Last Friday, I had lunch with my mom and her husband. When we came out of the restaurant and she saw what I was driving, so had a fit--my dad's had that van since before they split up, and she had to drive it a few times. In the middle of the parking lot she started ranting, and then ranting in Spanish to her husband about it, asking him about some car they have that they were going to sell. Originally he said they needed to get their $500 back from it, which didn't seem unreasonable to me--it's not like they're well-to-do.

But when I broached the subject to my dad, wanting to know if he knew if Grand Ams are reliable cars, he got all pissed off. He started in on a bitter rant about how she should just give me the car, and something about her still "getting in his pocket"--even though what I asked was if it was worth it for ME to save up--and something about "Oh, so your daddy can afford to buy you an eight or ninth car!" I just let it go, because he was clearly not in a good mood--but he was exaggerating. My first car, my Mustang, he built himself--which is obviously a huge time commitment and expensive too, but that was his choice to give me as a sixteenth birthday present. It was also his choice to take that away from me and replace it with a two-door little Saturn.

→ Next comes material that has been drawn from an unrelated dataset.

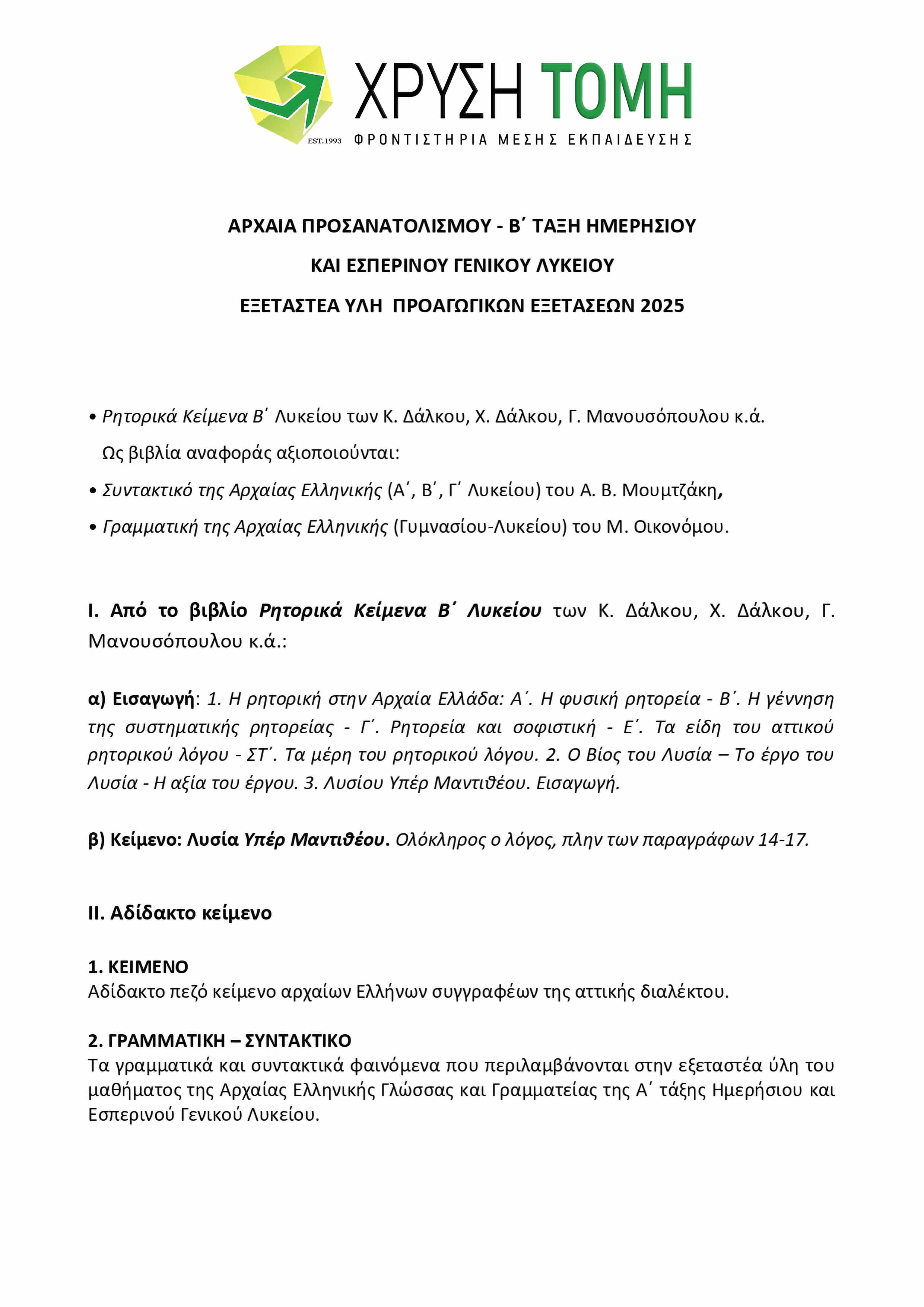 Εξεταστέα Ύλη Β΄ Λυκείου 2024 - 2025

When that got smashed up while parked on a street during a horrible snowstorm, we used the insurance money to buy a second Saturn. When that one got totaled as well (stupid flimsy fiberglass panels), he bought another car with that insurance money. When that car caught on fire going down the highway, he gave me a car he'd originally bought for my mother years before--which started out as a decent car, and is now known as the Ghetto Buggy. And then there was The Girlfriend's Car. So yes, he's kept me in cars since I turned sixteen, but it's not like he's bought an endless stream of cars, for me, out of pocket.

Yesterday at work, I got a text from my mom saying she's going to give me this other car. I know nothing about it except it's a Grand Am, it's some shade of green, and .... yeah, that's it. And I don't really feel comfortable accepting it for a lot of reasons. Part of it is because my dad's always been the one I relied on for help with vehicles. Part of it is that even though she's planning to just give it to me, he's still being all cynical and pessimistic about it--"How good could a 16 year old car be?" (Gee, I don't know--at least as good at the 19 year-old ghetto buggy I'd been driving? Or the 19 year-old car I'm driving now? Oh, wait--he's assuming she got it from a Hispanic person who ran it into the ground first, that's the problem.)

Part of the reason is also because I do realize that at my age I should be able to buy myself a car. And I'm working to get to that point. And this will help--my mom is going to put this car in my name, so I'd actually be able to trade it in, unlike the ghetto buggy which was never put in my name. So once I'm able to swing a car payment (hopefully soon), I just have to wait for the right trade in deal.

But most of the reason I feel uncomfortable about it is because of her husband. It's not that I dislike him personally; I don't know him, really. He doesn't speak enough English for me to really talk to him. And I know he's the one who found the car, and he's the one who put a stereo in it because my mom knows I'd want one, and he's the one who's taking it to someone to check that it runs as well as he thinks. I feel uncomfortable asking for help from anyone for anything--so to be given a car by someone who I really don't know? Very awkward.

But I can't turn it down without hurting my mom's feelings, because I know she's really happy she's finally in a position to help me with something. And also because I could never explain all this to her--she's always telling me how her husband cares about me like family, and then she'd give me crap about why don't I learn more Spanish and then I could talk to him.

So .... apparently, I'll have another car soon.